DATA TO PROCESS:
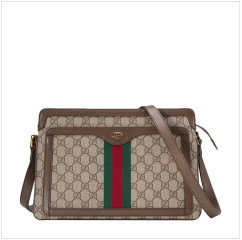【女款】 GUCCI古驰女士米色配乌木色高级人造帆布中号肩背包523354-96IWT-8745
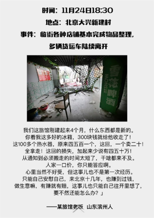 因为大兴的一场火灾事故,北京这个神奇的首都,开始了大规模的外来人口整治,拉开了在京漂泊和拼搏的打工一族的大迁移序幕!看完了么?这就是现实的!
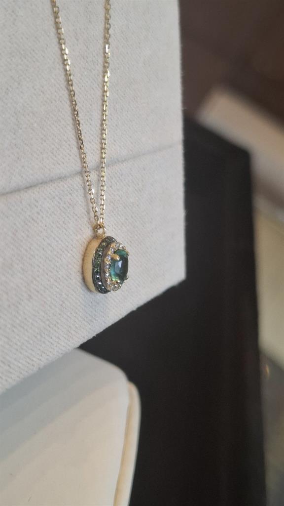 Κολιέ Κ18 με Σμαράγδι & Διαμάντια
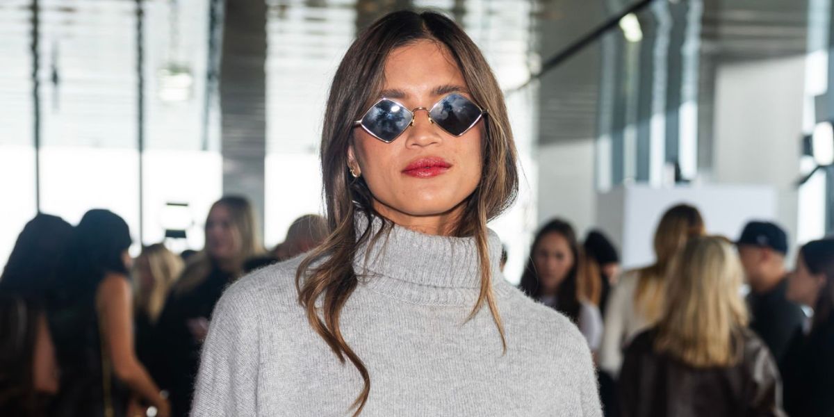 This cat eye Saint Laurent sunglass comes in a silver frame with grey lenses.
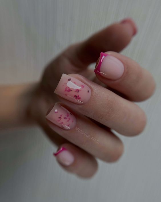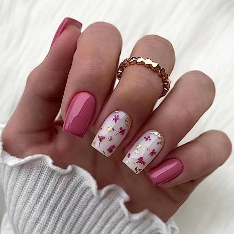 Embrace the gentle side of summer with these medium square nails, featuring a translucent pink base sprinkled with tiny floral embellishments. They are a testament to the simple short nail trend, while still incorporating a touch of playful nail art designs. Perfect for adding a dash of pretty to your everyday look.
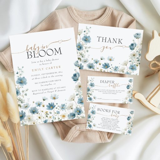 Blue Preppy Flowers Watercolor Baby ShowerDesignt von Zakreva Olha

TASK DIRECTIONS: Everything from the first line of the listing above through the line that contains "This cat eye" is to be restated word for word, minus the pictures.

OUTPUT OF THE EXERCISE:
【女款】 GUCCI古驰女士米色配乌木色高级人造帆布中号肩背包523354-96IWT-8745
 因为大兴的一场火灾事故,北京这个神奇的首都,开始了大规模的外来人口整治,拉开了在京漂泊和拼搏的打工一族的大迁移序幕!看完了么?这就是现实的!
 Κολιέ Κ18 με Σμαράγδι & Διαμάντια
 This cat eye Saint Laurent sunglass comes in a silver frame with grey lenses.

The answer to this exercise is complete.